Heart to heart: Personally I'm at that stage of life where I'm getting less of a kick fooling around and being stupid. Lately, I've been feeling a bit more inclined to actually do something substantial, to go beyond only caring about myself.

It took a lot of crashing and burning from said stupidity to get to this point, and in all honesty, I could see myself keep going that route if I wanted to…but it's not enough anymore, to be honest.

Yada yada cheesy young heartfelt reformation story get to the point.

I've wanted to "do something" for a while now, but it wasn't until recently that I've been really inspired to put substantial effort into business ventures and passions. One of them was to get more involved in the music scene in San Diego. Coincidentally, I had started talking to a friend who was in a similar boat, and we decided to rent a venue to throw a music show.

Mind you neither of us had actually thrown a show before. So it was very interesting coordinating everything for the first time. Here are some of the things I learned in the process.

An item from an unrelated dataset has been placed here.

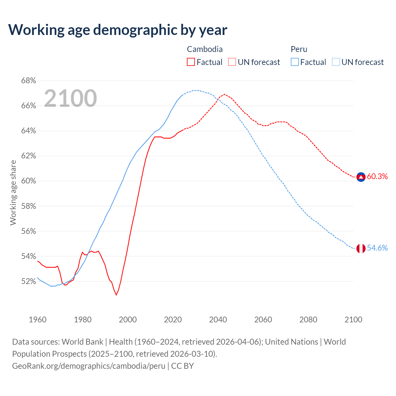 - Cambodia has 11.6M working age adults (aged 15-64) vs 23.4M in Peru.
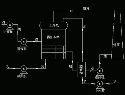 锅炉的电气控制系统包括锅炉本体、鼓风系统、引风系统、进煤系统、输煤系统、除尘器系统、省煤器系统。结构框图如下:

Communication is probably the singular most important element in the universe.

Not just any communication…non-egoic, clear, effective, and devoid-of-any-emotional-garbage communication. Who's doing what, artist concerns, venue communication, and so on. Everything had to be explicitly defined to work. If there was an issue, bringing in your own negative energy did squat.

When you're in a project involving many people, a business facility, and money, you have to swallow your pride and address things as they need to be addressed. Trying to find an out when you have a problem, like blaming someone, berating yourself, or wishing things could be "different," does not work in high-stress scenarios like this. In any scenario for that matter.

(After the fact, this was a pretty sobering realization as well. You are always accountable for everything you say and do, not just in "important" situations. You just think you're not and can get away with being lazy, rude, and emotional because nothing is riding on it. The crazy thing is, you are a representation of what you are in every single moment of your life to others and most importantly yourself. There are no higher stakes than the present.)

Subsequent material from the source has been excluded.